README.md

lambdaworks Fast Fourier Transform

This folder contains the fast Fourier transform (FFT) over finite fields (also known as number theoretic transform, NTT). If you are unfamiliar with how lambdaworks handles fields, see examples. Currently, the following algorithms are supported:

• Cooley-Tukey Radix-2
• Cooley-Tukey Radix-4

We are also planning on adding a mixed radix algorithm. To use the FFT, the length of the vector, $n$, should be a power of $2$ (or $4$), that is, $2^m=n$. The FFT should be used with fields implementing the IsFFTFriendly trait. The FFT works by recursively breaking a length $n$ FFT into $2$ $n/2$ FFTs, until we reach a sufficiently small size that can be solved. The core operation of the FFT is the butterfly. To combine the elements, we need to sample the twiddle factors, which we obtain from the roots of unity. The FFT can accept the input in natural order and returns the output in reverse order (nr) or the input is in reverse order and the output is in natural order (rn).

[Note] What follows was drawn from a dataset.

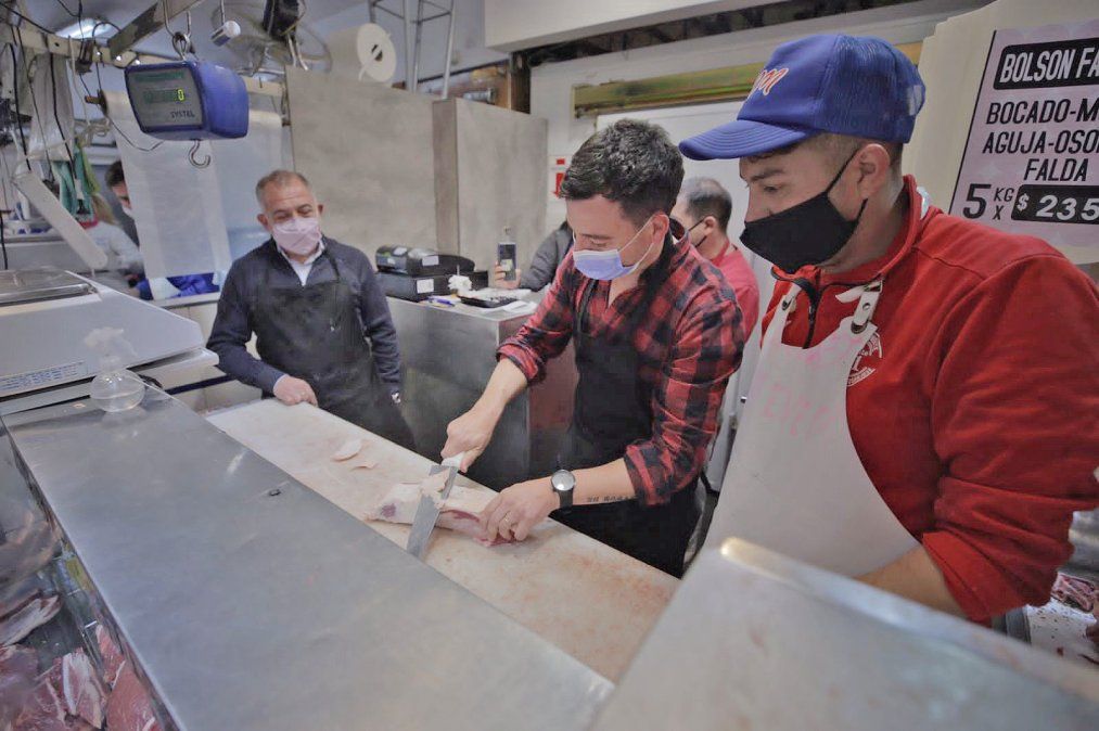 En apoyo al sector de la carne, los candidatos se pusieron detrás del mostrador de una carnicería del Mercado y afirmaron: “El cepo a las exportaciones de carne es un retroceso en el desarrollo y expansión de nuestro país”.

Since the main applications of the FFT are related to polynomial evaluation and interpolation, we provide functions describing these operations, which call the FFT under the hood:

• evaluate_fft
• evaluate_offset_fft
• interpolate_fft
• interpolate_offset_fft

These functions can be used with univariate polynomials. To use the functions,

let p_1 = Polynomial::new(&[FE::new(3), FE::new(4), FE::new(5) FE::new(6)]);
let evaluations = Polynomial::evaluate_offset_fft(p_1, 4, 4, FE::new(3))?;

Interpolate takes a vector of length $2^m$, which we take them to be the evaluations of a polynomial $p$ over values of $x$ of the form $offset.g^0,offset.g,offset.g^2\dots offset.g^{n-1}$, where $g$ is a generator of the $n$-th roots of unity. For example,

let evaluations = [FE::new(1), FE::new(2), FE::new(3) FE::new(4)];
let poly = Polynomial::interpolate_fft(&evaluations).unwrap();

These building blocks are used, for example, in the computation of the trace polynomials in the STARK protocol. The following function computes the polynomials whose evaluations coincide with the trace columns:

pub fn compute_trace_polys<S>(&self) -> Vec<Polynomial<FieldElement<F>>>
    where
        S: IsFFTField + IsSubFieldOf<F>,
        FieldElement<F>: Send + Sync,
    {
        let columns = self.columns();
        #[cfg(feature = "parallel")]
        let iter = columns.par_iter();
        #[cfg(not(feature = "parallel"))]
        let iter = columns.iter();

        iter.map(|col| Polynomial::interpolate_fft::<S>(col))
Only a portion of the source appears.